The Ford Taurus had been damaged too severely to drive back to Pierre, where Ravnsborg lives. Volek offered to lend his personal vehicle to Ravnsborg so that he could get home, the attorney general said. Ravnsborg agreed, according to his account, and the sheriff drove him to his home. Then, Ravnsborg drove the sheriff’s personal car back to his house in Pierre.

The next morning, Ravnsborg said that he and his chief of staff took the sheriff’s vehicle to a gas station and then stopped at the scene of the accident, where debris was still in the roadway.

“As I walked along the shoulder of the road I discovered the body of Mr. Boever in the grass just off the roadway,” Ravnsborg said. “It was apparent that Mr. Boever was deceased.”

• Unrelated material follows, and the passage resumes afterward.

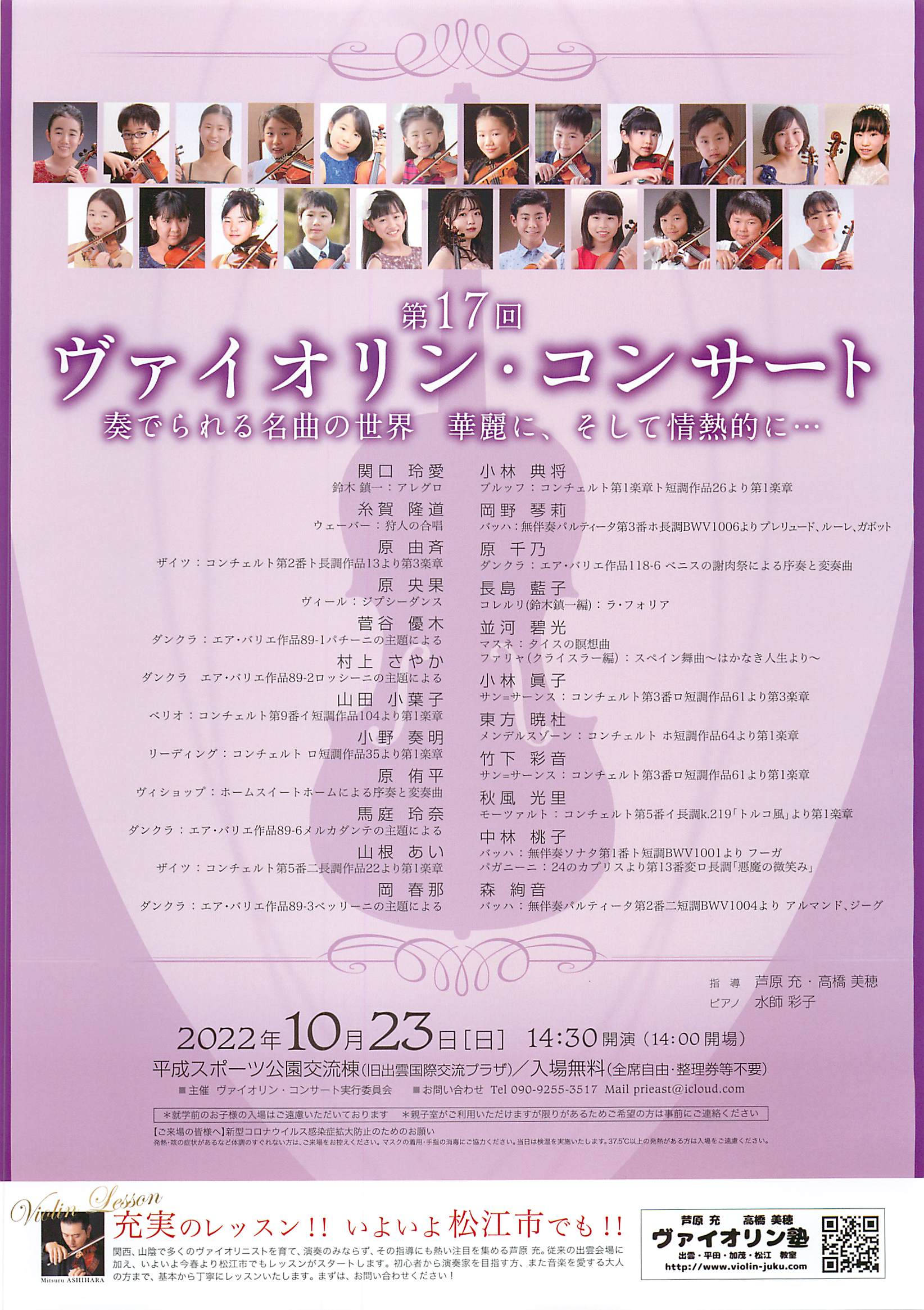 【終了しました】2022年10月23日(日)第17回ヴァイオリン・コンサート

According to Ravnsborg’s statement, he immediately drove to Volek’s home and reported the body. Ravnsborg, who said he wasn’t drinking the night of the accident, said he will not answer further questions until the investigation is closed.

“I’ve been cooperating fully with the investigation and have agreed to a search of both of my cellphones, provided a blood draw, and have given the investigators the names of anyone at the dinner who can confirm that I was not drinking alcohol at any time during the event,” he said.

Ravnsborg is serving his first term as attorney general after being elected in 2018. According to the Argus Leader, Ravnsborg has a history of speeding and other minor traffic violations.

Nick and Victor Nemec were called to identify Boever’s body Sunday evening. The circumstances of the accident and the amount of time it took for the body to be discovered and identified has raised concerns for the victim’s family members.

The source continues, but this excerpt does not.